Some examples of CSS selector syntax:

By Tag Name

Select all

tags:

soup.select("p")

By ID

Select element with ID "main":

soup.select("#main")

By Class Name

Select elements with class "article":

soup.select(".article")

By Attribute

Select tags with a "data-category" attribute:

soup.select("[data-category]")

Descendant Combinator

Select paragraphs inside divs:

soup.select("div p")

Child Combinator

Select direct children paragraphs:

soup.select("div > p")

Adjacent Sibling

Select h2 after h1:

soup.select("h1 + h2")

General Sibling

Select h2 after any h1:

soup.select("h1 ~ h2")

By Text

Select elements containing text:

soup.select(":contains('Some text')")

By Attribute Value

Select input with type submit:

soup.select("input[type='submit']")

Pseudo-classes

Select first paragraph:

soup.select("p:first-of-type")

Chaining

Select first article paragraph:

soup.select("article > p:nth-of-type(1)")

Accessing Data

HTML:

<p class="content">Some text</p>

Python:

p = soup.find('p')
p.name # "p"
p.attrs # {"class": "content"}
p.string # "Some text"

The Power of find_all()

The find_all() method is one of the most useful and versatile searching methods in BeautifulSoup.

Returns All Matches

find_all() will find and return a list of all matching elements:

all_paras = soup.find_all('p')

This gives you all paragraphs on a page.

Flexible Queries

You can pass a wide range of queries to find_all():

  • Name - find_all('p')
  • Attributes - find_all('a', class_='external')
  • Text - find_all(text=re.compile('summary'))
  • Limit - find_all('p', limit=2)
  • And more!
  • Useful Features

    Some useful things you can do with find_all():

  • Get a count - len(soup.find_all('p'))
  • Iterate through results - for p in soup.find_all('p'):
  • Convert to text - [p.get_text() for p in soup.find_all('p')]
  • Extract attributes - [a['href'] for a in soup.find_all('a')]
  • Why It's Useful

    In summary, find_all() is useful because:

  • It returns all matching elements
  • It supports diverse and powerful queries
  • It enables easily extracting and processing result data
  • Whenever you need to get a collection of elements from a parsed document, find_all() will likely be your go-to tool.

    Navigating Trees

    Traverse up and sideways through related elements.
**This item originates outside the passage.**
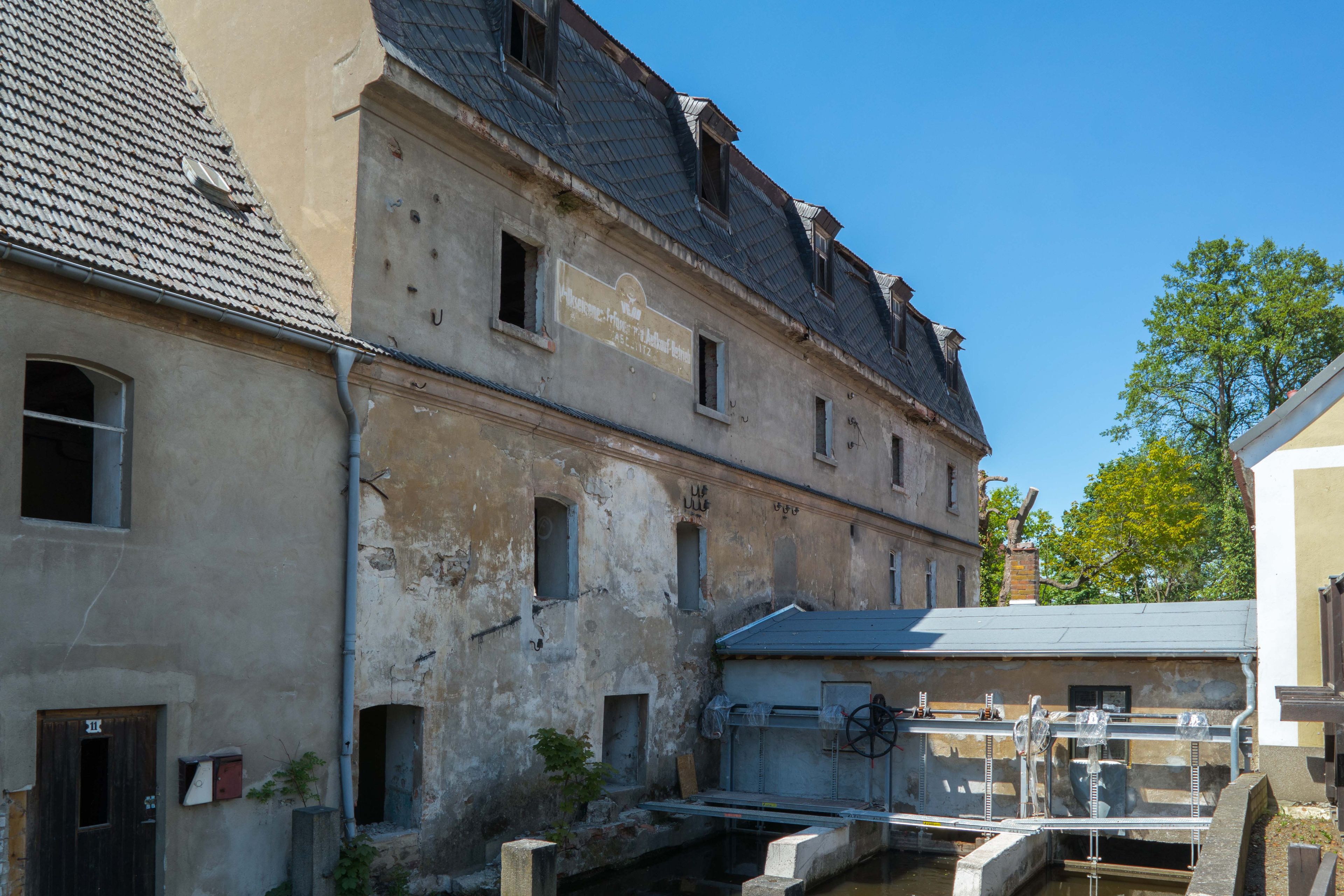 Mühlengebäude (mit technischer Ausstattung) und gegenüber liegendes Wohnhaus Mühlweg 2; 4
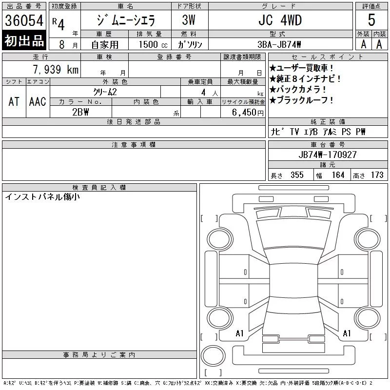 Suzuki JIMNY SIERRA с аукциона Японии CAA Chubu лот № 36054

    Modifying the Parse Tree

    BeautifulSoup provides several methods for editing and modifying the parsed document tree.

    HTML:

    <p>Original text</p>
    

    Python:

    p = soup.find('p')
    p.string = "New text"
    

    Edit Tag Names

    Change an existing tag name:

    tag = soup.find('span')
    tag.name = 'div'
    

    Edit Attributes

    Add, modify or delete attributes of a tag:

    tag['class'] = 'header' # set attribute
    tag['id'] = 'main'
    
    del tag['class'] # delete attribute
    

    Edit Text

    Change text of a tag:

    tag.string = "New text"
    

    Append text to a tag:

    tag.append("Additional text")
    

    Insert Tags

    Insert a new tag:

    new_tag = soup.new_tag("h1")
    tag.insert_before(new_tag)
    

    Delete Tags

    Remove a tag entirely:

    tag.extract()
    

    Wrap/Unwrap Tags

    Wrap another tag around:

    tag.wrap(soup.new_tag('div))
    

    Unwrap its contents:

    tag.unwrap()
    

    Modifying the parse tree is very useful for cleaning up scraped data or extracting the parts you need.

    Outputting HTML

    Input HTML:

    <p>Hello World</p>
    

    Python:

    print(soup.prettify())
    
    # <p>
    #  Hello World
    # </p>
    

    Integrating with Requests

    Fetch a page:

    import requests
    
    res = requests.get("<https://example.com>")
    soup = BeautifulSoup(res.text, 'html.parser')
    

    Parsing Only Parts of a Document

    When dealing with large documents, you may want to parse only a fragment rather than the whole thing. BeautifulSoup allows for this using SoupStrainers.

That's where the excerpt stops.